··· DATA FOR PROCESSING

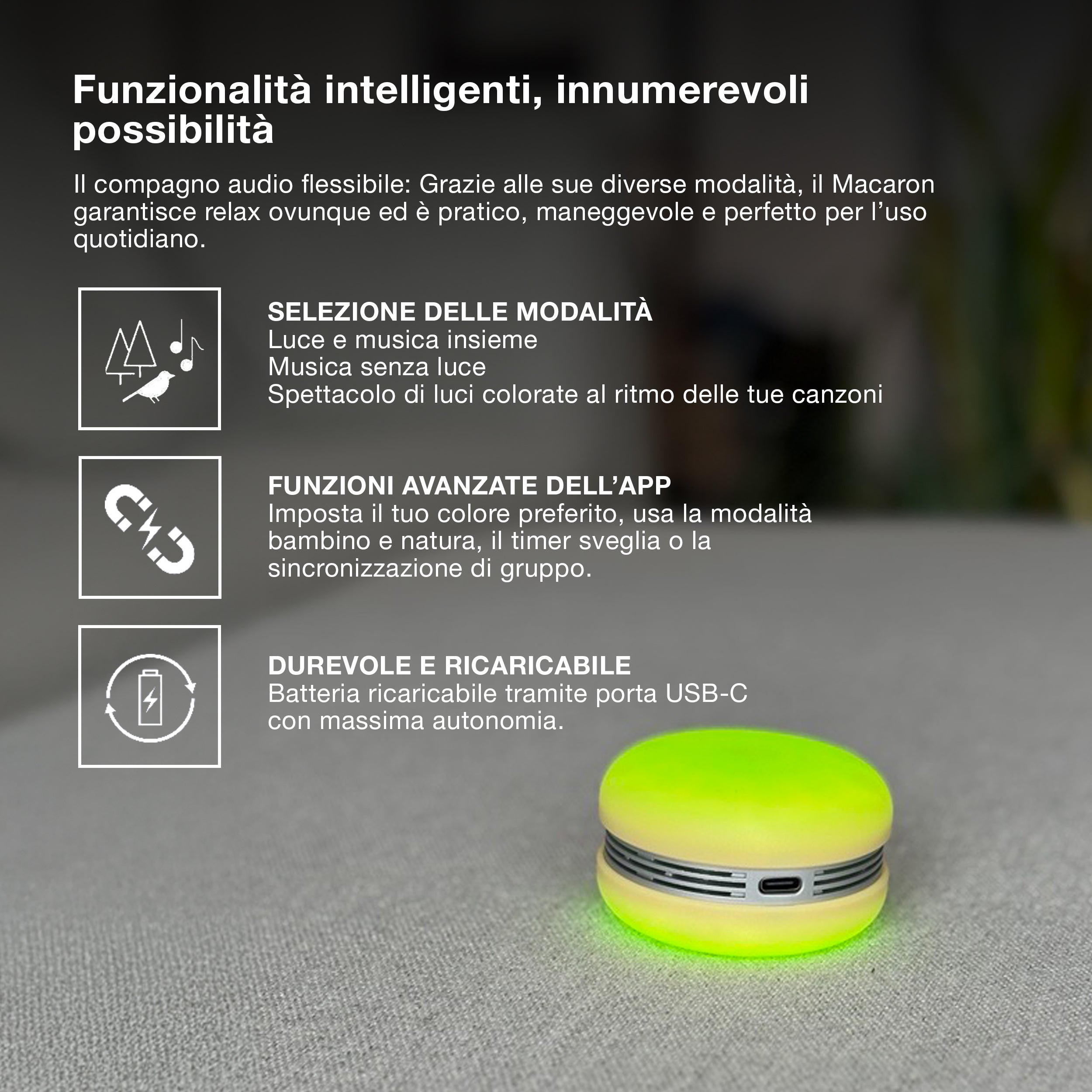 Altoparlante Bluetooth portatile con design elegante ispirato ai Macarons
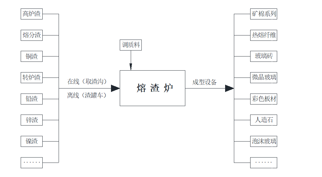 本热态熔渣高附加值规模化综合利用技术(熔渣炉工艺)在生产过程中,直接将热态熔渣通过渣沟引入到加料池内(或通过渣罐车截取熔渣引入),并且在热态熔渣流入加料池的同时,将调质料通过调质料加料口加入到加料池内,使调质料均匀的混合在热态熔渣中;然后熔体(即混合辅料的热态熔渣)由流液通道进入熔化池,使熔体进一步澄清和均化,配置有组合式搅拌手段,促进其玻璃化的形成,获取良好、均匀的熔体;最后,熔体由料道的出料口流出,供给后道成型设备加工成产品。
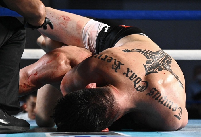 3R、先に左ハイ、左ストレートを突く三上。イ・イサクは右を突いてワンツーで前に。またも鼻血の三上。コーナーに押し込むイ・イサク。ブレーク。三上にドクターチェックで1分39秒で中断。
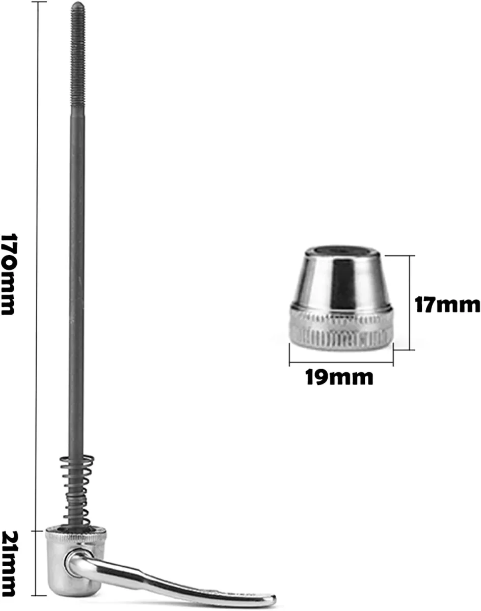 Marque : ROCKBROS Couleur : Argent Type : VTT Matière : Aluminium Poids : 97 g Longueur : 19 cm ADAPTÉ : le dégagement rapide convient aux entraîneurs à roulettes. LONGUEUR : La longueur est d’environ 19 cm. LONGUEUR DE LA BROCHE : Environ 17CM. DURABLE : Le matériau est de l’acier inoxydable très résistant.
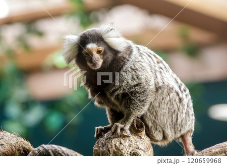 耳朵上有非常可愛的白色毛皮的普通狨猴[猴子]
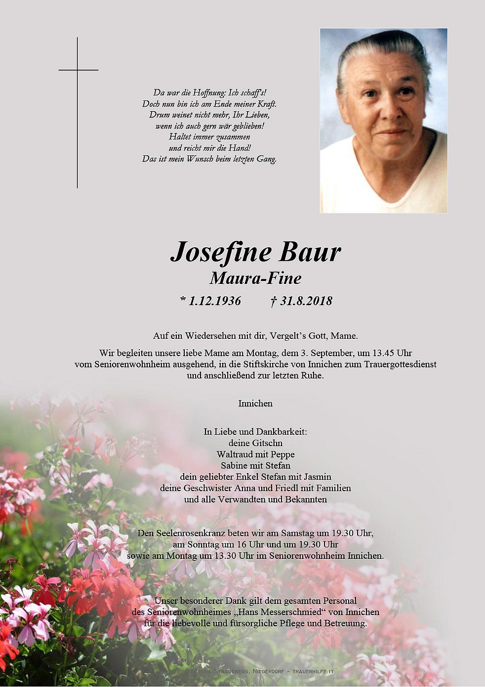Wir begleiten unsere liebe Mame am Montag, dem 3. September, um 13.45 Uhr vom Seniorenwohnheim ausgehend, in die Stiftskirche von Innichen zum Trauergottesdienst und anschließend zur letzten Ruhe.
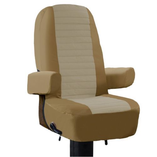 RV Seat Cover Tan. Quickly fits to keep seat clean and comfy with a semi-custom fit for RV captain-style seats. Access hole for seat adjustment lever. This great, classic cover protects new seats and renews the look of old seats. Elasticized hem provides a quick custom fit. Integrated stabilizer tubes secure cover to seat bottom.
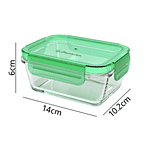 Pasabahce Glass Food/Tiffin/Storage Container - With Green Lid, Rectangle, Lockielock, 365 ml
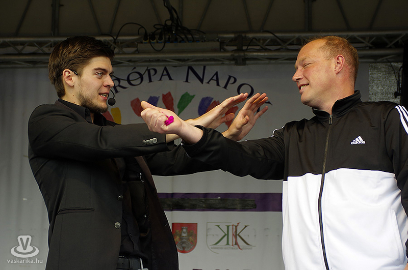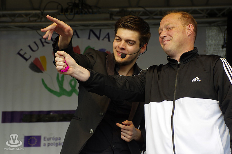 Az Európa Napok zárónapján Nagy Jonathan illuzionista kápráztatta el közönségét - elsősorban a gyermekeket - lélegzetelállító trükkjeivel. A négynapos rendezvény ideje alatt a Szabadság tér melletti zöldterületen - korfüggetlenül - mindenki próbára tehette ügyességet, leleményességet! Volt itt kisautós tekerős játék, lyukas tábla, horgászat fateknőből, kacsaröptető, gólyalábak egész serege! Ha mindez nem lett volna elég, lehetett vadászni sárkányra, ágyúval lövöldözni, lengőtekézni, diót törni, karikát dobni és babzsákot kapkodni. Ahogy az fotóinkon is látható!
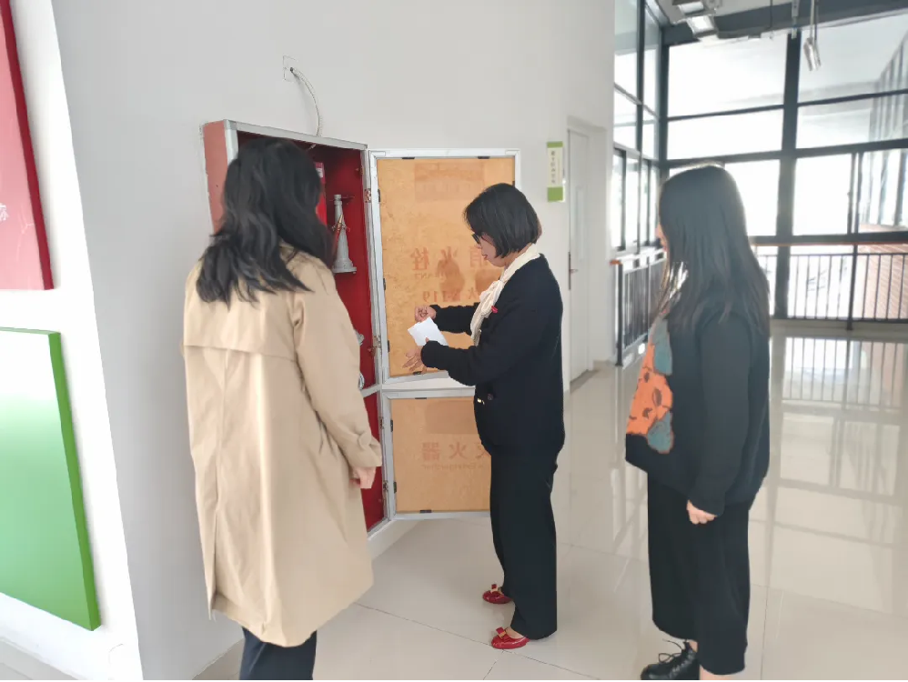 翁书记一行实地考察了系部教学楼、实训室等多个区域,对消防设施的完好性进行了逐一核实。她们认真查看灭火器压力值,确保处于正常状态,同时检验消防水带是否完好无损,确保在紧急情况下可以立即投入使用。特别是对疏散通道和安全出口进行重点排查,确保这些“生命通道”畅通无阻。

······

REQUIRED WORK
Copy word for word only the lines above from the one with "耳朵上有非常可愛的白色毛皮的普通狨猴[猴子]" through the one with "Wir begleiten unsere". Leave pictures out.

SOLUTION TO THE EXERCISE
 耳朵上有非常可愛的白色毛皮的普通狨猴[猴子]
Wir begleiten unsere liebe Mame am Montag, dem 3. September, um 13.45 Uhr vom Seniorenwohnheim ausgehend, in die Stiftskirche von Innichen zum Trauergottesdienst und anschließend zur letzten Ruhe.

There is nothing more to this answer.